もちろんラインハルトだって、ルーカスと二人きりで取り残されてどう振舞えば良いのかなどわからない。気まずくてたまらないからオスカルを一瞬引き留めたくなったくらいだ。でも、本当は今が最後のチャンスなのだということにも気づいている。ルーカスを永遠に失いたいのか、それとも多くのものを犠牲にすることすら覚悟の上で踏み出すのか、この場で選ぶしかないのだということを――。
足音が去った部屋は静まり返り、話をしないといけないと頭では理解しているのに口がからからに乾いて言葉が出てこない。手の中のネックレスがやたらと重かった。
結局、先に口を開いたのはルーカスだった。手にした片割れのネックレスを困ったように弄びながら振り返るところまでは、注意深くラインハルトと視線を合わせないようにしていたが、乱雑に物が散らばった部屋に気付くとはっと顔を上げる。
「ラインハルト、これは?」
「え、ああ……」
言い逃れなどとても無理に決まっているあからさまな荷造り風景。気まずくうなずいたラインハルトに向かってルーカスはうなだれ、唇を噛んだ。
「引っ越すんだ。僕のせいだね」
「……新しい仕事が決まったんだ。そこが住み込みだからで、別におまえのせいじゃない」
実際は因果関係が逆だ。ルーカスを忘れたいからここを出ていこうとして、住み込みの仕事に飛びついた。だが、ラインハルトはまだその正直な気持ちを告げる気が持てなかった。
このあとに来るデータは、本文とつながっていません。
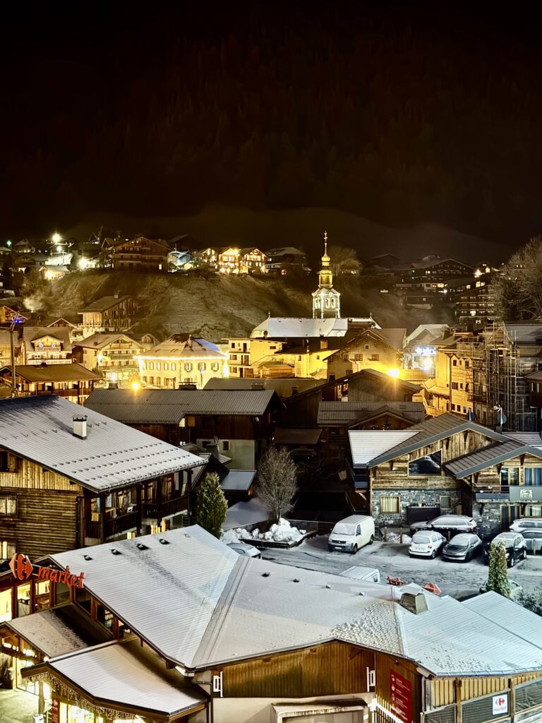 Juste en dehors de Morzine, sur la route vers Avoriaz, près du sommet du Super Morzine, se trouve l’un de nos endroits préférés — un lieu calme avec une vue dégagée sur toute la vallée. La nuit, les lumières de Morzine scintillent en bas tandis que les montagnes s’effacent dans l’obscurité. Depuis ce point, vous pouvez même accéder directement aux pistes depuis le van, pour être sur les skis dès les premières traces du matin, sans passer par un parking bondé.

本当は答えなんて出ている。ルーカスはオスカルとは違うということ、そんなことは前からわかっていた。ラインハルトがいくらわがままや気まぐれで振り回しても何度だって許してくれる。みっともない姿を晒すことを厭わずに、泣いて、すがりついて求めてくれる。これまでラインハルトは自分自身が傷つくことを恐れて何度もルーカスを拒絶してきたが、心の奥底では、それでもルーカスが戻って来てくれるのではないかと期待し、戻って来てほしいと望み続けていた。
「……まるきり、子どもだな」
思わず言葉がこぼれた。もちろんそれはラインハルト自身に向けての自嘲だったが、ルーカスはそうは受け止めなかったようだ。うつむいたままで謝罪の言葉を口にする。
「ごめん、また言われたことを守れなかった。子ども扱いするなって自分で言っておきながら、すごく子どもっぽいことしてるってことわかってるんだ」
前回ここから追い出されたときにラインハルトに告げられた「二度と来るな」という言いつけを破ったことをルーカスはひどく気にしているようだ。
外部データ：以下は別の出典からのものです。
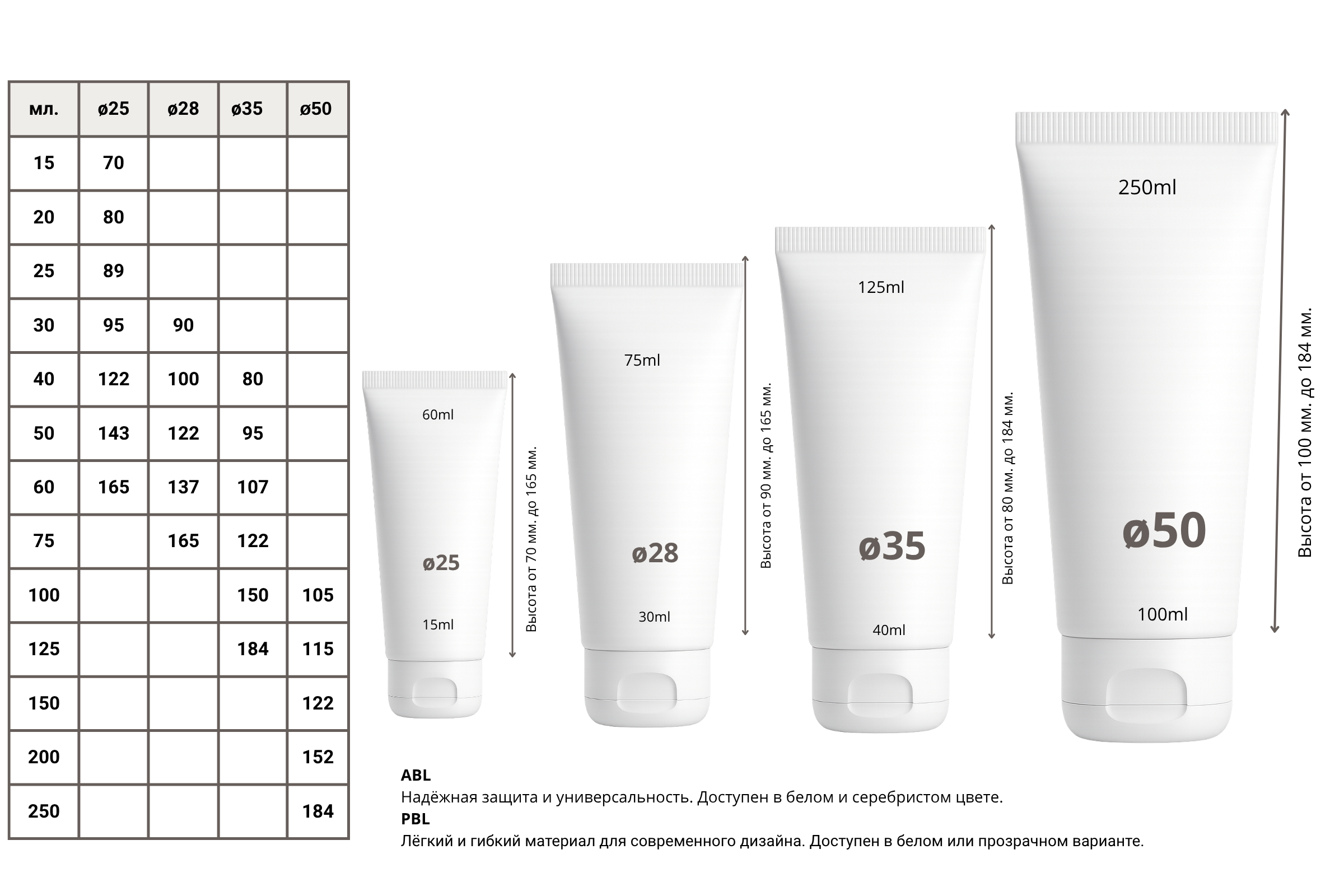 - Объём: от 15 до 250 мл

オスカルの言っていたことを信じるのならば、ルーカスは窓から投げたネックレスを探すために何度もここに通い、それでもラインハルトの前には姿を現さなかったどころか、ようやく見つけ出したそれをオスカルに渡しに行った。あの日、自暴自棄になったラインハルトの言葉を信じ込んでいるからこそ、オスカルにもう一度ラインハルトとのことを考えてやってくれと頼みに行ったのだ。言い合う声を聞かなければ今日も部屋までやってくることなく引き返す気だったというのもきっと、嘘ではないのだろう。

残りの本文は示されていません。